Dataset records
========================

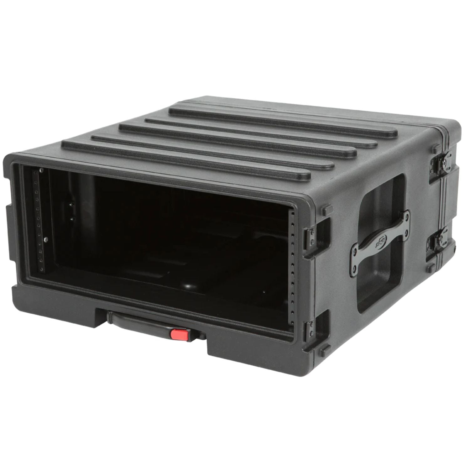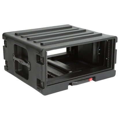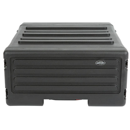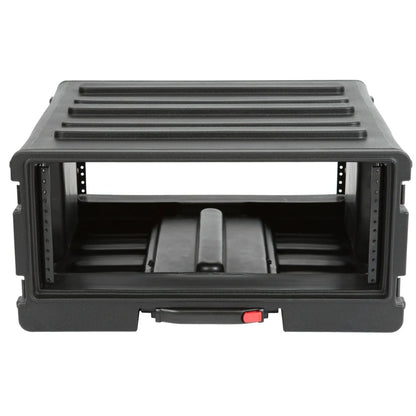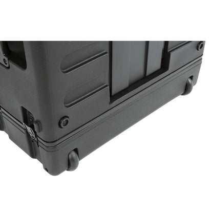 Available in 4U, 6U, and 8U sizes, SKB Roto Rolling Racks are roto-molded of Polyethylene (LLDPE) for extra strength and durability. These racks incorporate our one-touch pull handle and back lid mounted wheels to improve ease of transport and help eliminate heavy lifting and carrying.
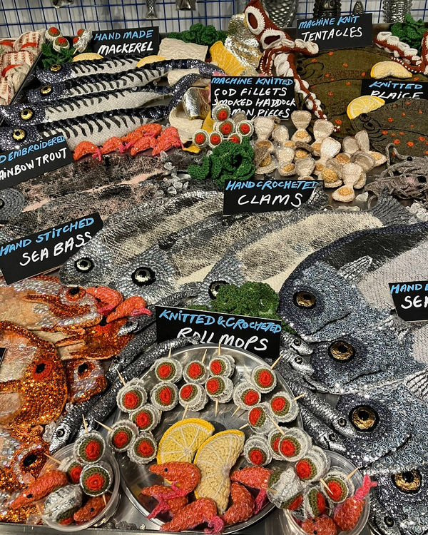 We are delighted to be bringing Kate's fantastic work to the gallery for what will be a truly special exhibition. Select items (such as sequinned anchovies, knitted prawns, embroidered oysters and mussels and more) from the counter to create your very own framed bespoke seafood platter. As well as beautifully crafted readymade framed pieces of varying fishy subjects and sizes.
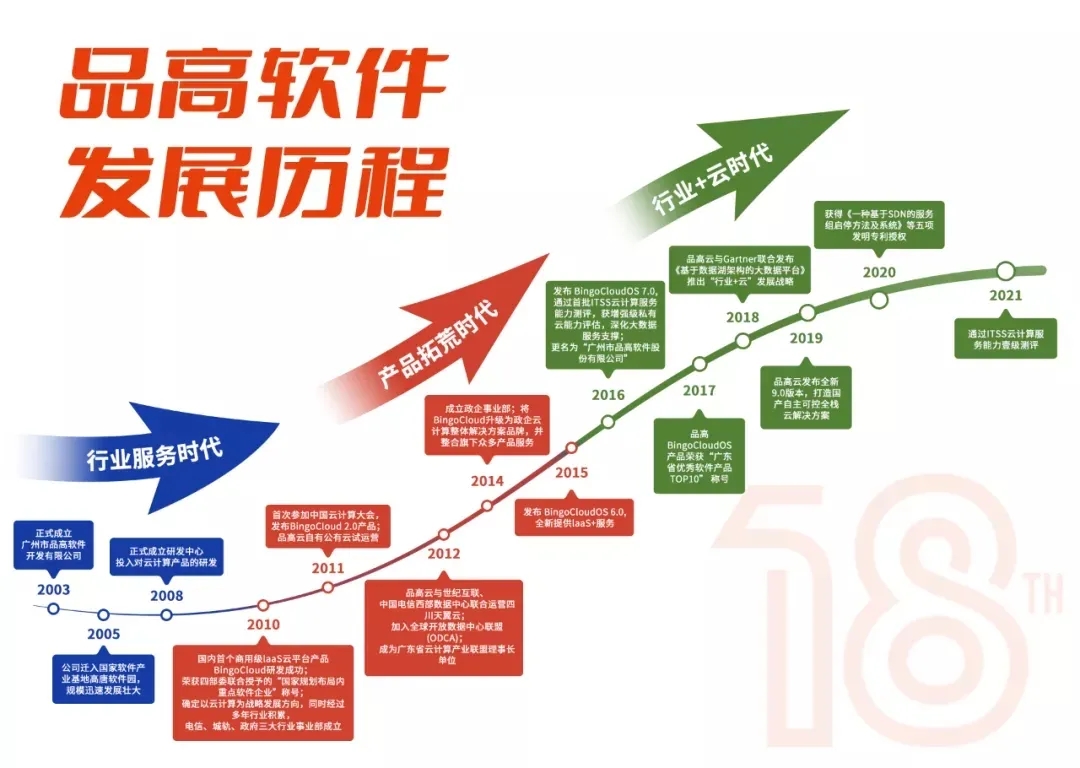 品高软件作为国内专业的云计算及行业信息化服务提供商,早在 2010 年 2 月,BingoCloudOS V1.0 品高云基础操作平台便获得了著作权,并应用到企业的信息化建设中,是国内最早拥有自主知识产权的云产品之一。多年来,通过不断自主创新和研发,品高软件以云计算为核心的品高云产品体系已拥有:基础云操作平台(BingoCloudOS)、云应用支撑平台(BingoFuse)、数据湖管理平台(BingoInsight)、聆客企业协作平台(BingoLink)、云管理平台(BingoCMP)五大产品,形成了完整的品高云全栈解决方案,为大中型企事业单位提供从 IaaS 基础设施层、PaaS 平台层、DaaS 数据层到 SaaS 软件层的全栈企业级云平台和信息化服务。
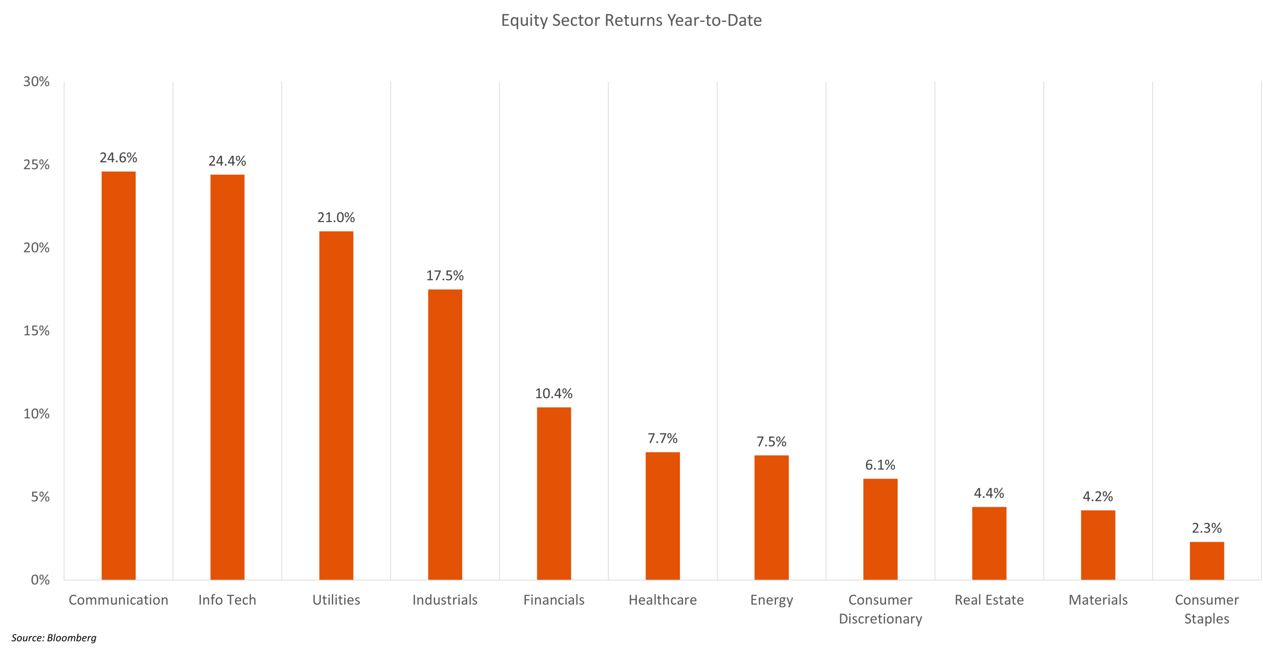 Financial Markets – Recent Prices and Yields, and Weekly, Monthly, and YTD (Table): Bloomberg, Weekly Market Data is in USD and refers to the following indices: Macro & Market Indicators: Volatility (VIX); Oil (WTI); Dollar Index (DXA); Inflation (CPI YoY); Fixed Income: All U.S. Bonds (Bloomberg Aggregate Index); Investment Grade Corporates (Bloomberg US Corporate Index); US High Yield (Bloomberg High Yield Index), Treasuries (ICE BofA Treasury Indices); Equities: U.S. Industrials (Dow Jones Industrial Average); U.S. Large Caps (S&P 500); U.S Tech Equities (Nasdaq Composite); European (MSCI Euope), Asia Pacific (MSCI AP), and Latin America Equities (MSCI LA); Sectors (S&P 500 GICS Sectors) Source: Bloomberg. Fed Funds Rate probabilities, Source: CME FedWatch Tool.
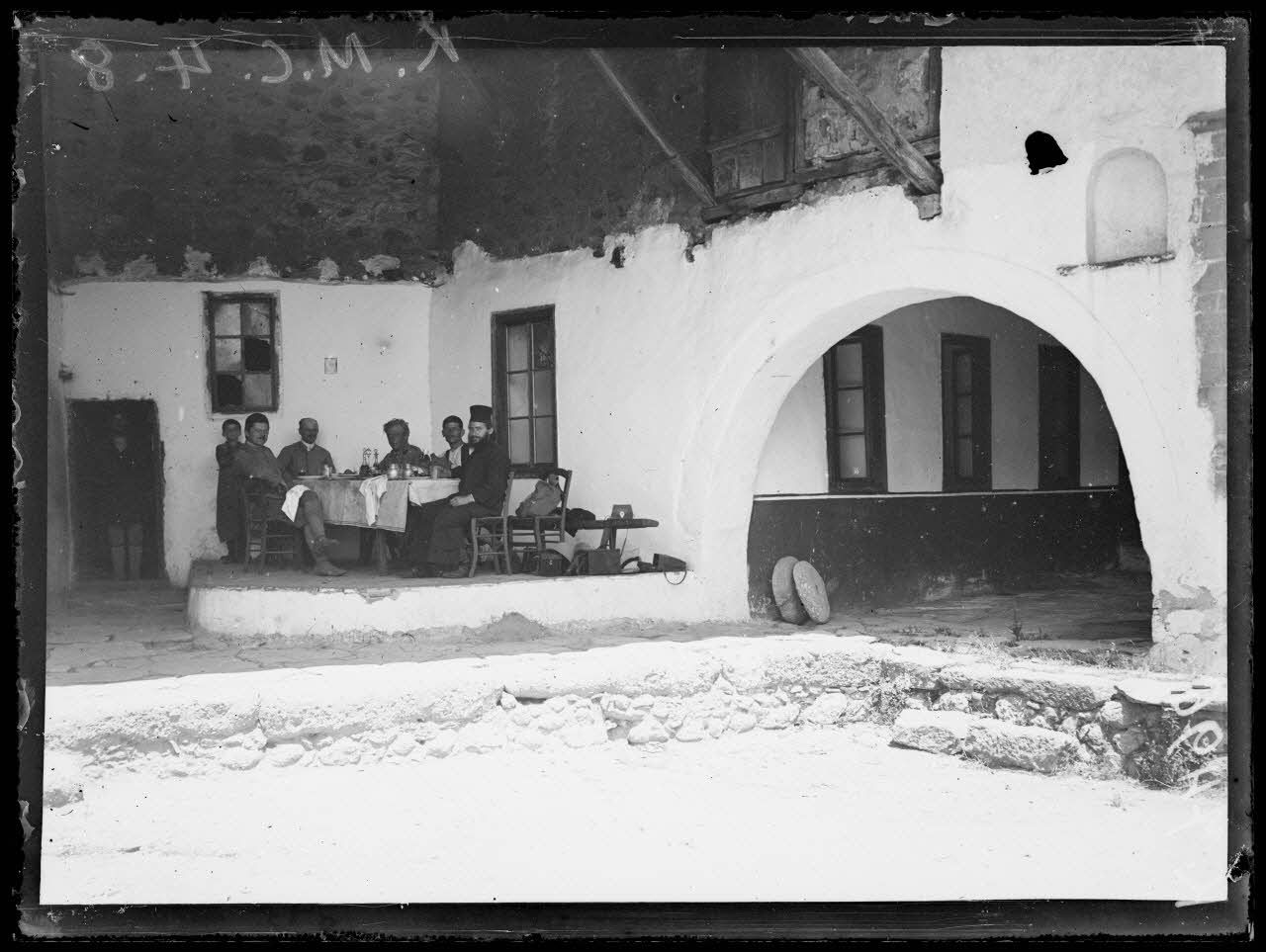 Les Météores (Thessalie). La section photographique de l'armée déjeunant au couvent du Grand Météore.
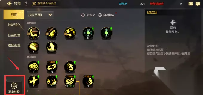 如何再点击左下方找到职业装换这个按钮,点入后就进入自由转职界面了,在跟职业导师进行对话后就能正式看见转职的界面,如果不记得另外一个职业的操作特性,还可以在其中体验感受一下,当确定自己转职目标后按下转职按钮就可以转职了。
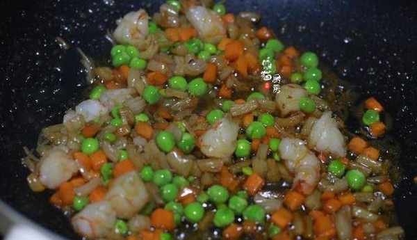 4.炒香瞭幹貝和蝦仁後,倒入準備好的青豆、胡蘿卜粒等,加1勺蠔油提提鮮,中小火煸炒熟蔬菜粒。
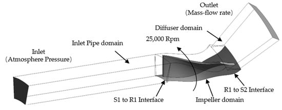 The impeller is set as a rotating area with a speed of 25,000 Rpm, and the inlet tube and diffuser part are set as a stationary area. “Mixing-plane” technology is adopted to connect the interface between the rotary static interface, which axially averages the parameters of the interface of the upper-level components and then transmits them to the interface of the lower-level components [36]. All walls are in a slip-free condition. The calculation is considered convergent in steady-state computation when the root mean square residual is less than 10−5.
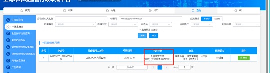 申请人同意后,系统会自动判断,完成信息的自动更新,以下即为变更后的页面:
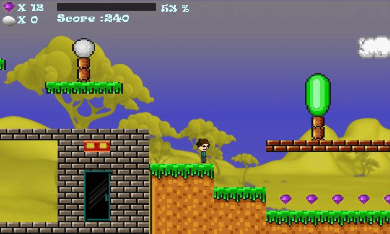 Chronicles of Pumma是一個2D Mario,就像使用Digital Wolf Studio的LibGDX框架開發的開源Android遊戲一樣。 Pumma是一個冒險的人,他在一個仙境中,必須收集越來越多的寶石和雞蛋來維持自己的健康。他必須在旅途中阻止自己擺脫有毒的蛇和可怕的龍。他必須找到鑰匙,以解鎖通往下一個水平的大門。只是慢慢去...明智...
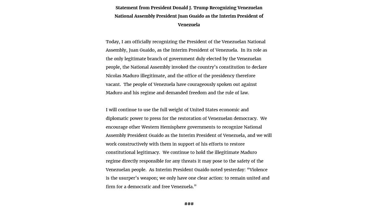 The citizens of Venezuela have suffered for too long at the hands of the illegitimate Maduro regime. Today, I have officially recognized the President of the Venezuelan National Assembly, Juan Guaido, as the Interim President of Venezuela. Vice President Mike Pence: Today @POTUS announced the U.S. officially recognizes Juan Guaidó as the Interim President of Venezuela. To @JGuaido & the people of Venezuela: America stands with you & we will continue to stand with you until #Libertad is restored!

========================

WHAT THE TASK ASKS -
Would you write out an exact copy of the entries above, with no images?

WRITTEN RESPONSE -
 Available in 4U, 6U, and 8U sizes, SKB Roto Rolling Racks are roto-molded of Polyethylene (LLDPE) for extra strength and durability. These racks incorporate our one-touch pull handle and back lid mounted wheels to improve ease of transport and help eliminate heavy lifting and carrying.
 We are delighted to be bringing Kate's fantastic work to the gallery for what will be a truly special exhibition. Select items (such as sequinned anchovies, knitted prawns, embroidered oysters and mussels and more) from the counter to create your very own framed bespoke seafood platter. As well as beautifully crafted readymade framed pieces of varying fishy subjects and sizes.
 品高软件作为国内专业的云计算及行业信息化服务提供商,早在 2010 年 2 月,BingoCloudOS V1.0 品高云基础操作平台便获得了著作权,并应用到企业的信息化建设中,是国内最早拥有自主知识产权的云产品之一。多年来,通过不断自主创新和研发,品高软件以云计算为核心的品高云产品体系已拥有:基础云操作平台(BingoCloudOS)、云应用支撑平台(BingoFuse)、数据湖管理平台(BingoInsight)、聆客企业协作平台(BingoLink)、云管理平台(BingoCMP)五大产品,形成了完整的品高云全栈解决方案,为大中型企事业单位提供从 IaaS 基础设施层、PaaS 平台层、DaaS 数据层到 SaaS 软件层的全栈企业级云平台和信息化服务。
 Financial Markets – Recent Prices and Yields, and Weekly, Monthly, and YTD (Table): Bloomberg, Weekly Market Data is in USD and refers to the following indices: Macro & Market Indicators: Volatility (VIX); Oil (WTI); Dollar Index (DXA); Inflation (CPI YoY); Fixed Income: All U.S. Bonds (Bloomberg Aggregate Index); Investment Grade Corporates (Bloomberg US Corporate Index); US High Yield (Bloomberg High Yield Index), Treasuries (ICE BofA Treasury Indices); Equities: U.S. Industrials (Dow Jones Industrial Average); U.S. Large Caps (S&P 500); U.S Tech Equities (Nasdaq Composite); European (MSCI Euope), Asia Pacific (MSCI AP), and Latin America Equities (MSCI LA); Sectors (S&P 500 GICS Sectors) Source: Bloomberg. Fed Funds Rate probabilities, Source: CME FedWatch Tool.
 Les Météores (Thessalie). La section photographique de l'armée déjeunant au couvent du Grand Météore.
 如何再点击左下方找到职业装换这个按钮,点入后就进入自由转职界面了,在跟职业导师进行对话后就能正式看见转职的界面,如果不记得另外一个职业的操作特性,还可以在其中体验感受一下,当确定自己转职目标后按下转职按钮就可以转职了。
 4.炒香瞭幹貝和蝦仁後,倒入準備好的青豆、胡蘿卜粒等,加1勺蠔油提提鮮,中小火煸炒熟蔬菜粒。
 The impeller is set as a rotating area with a speed of 25,000 Rpm, and the inlet tube and diffuser part are set as a stationary area. “Mixing-plane” technology is adopted to connect the interface between the rotary static interface, which axially averages the parameters of the interface of the upper-level components and then transmits them to the interface of the lower-level components [36]. All walls are in a slip-free condition. The calculation is considered convergent in steady-state computation when the root mean square residual is less than 10−5.
 申请人同意后,系统会自动判断,完成信息的自动更新,以下即为变更后的页面:
 Chronicles of Pumma是一個2D Mario,就像使用Digital Wolf Studio的LibGDX框架開發的開源Android遊戲一樣。 Pumma是一個冒險的人,他在一個仙境中,必須收集越來越多的寶石和雞蛋來維持自己的健康。他必須在旅途中阻止自己擺脫有毒的蛇和可怕的龍。他必須找到鑰匙,以解鎖通往下一個水平的大門。只是慢慢去...明智...
 The citizens of Venezuela have suffered for too long at the hands of the illegitimate Maduro regime. Today, I have officially recognized the President of the Venezuelan National Assembly, Juan Guaido, as the Interim President of Venezuela. Vice President Mike Pence: Today @POTUS announced the U.S. officially recognizes Juan Guaidó as the Interim President of Venezuela. To @JGuaido & the people of Venezuela: America stands with you & we will continue to stand with you until #Libertad is restored!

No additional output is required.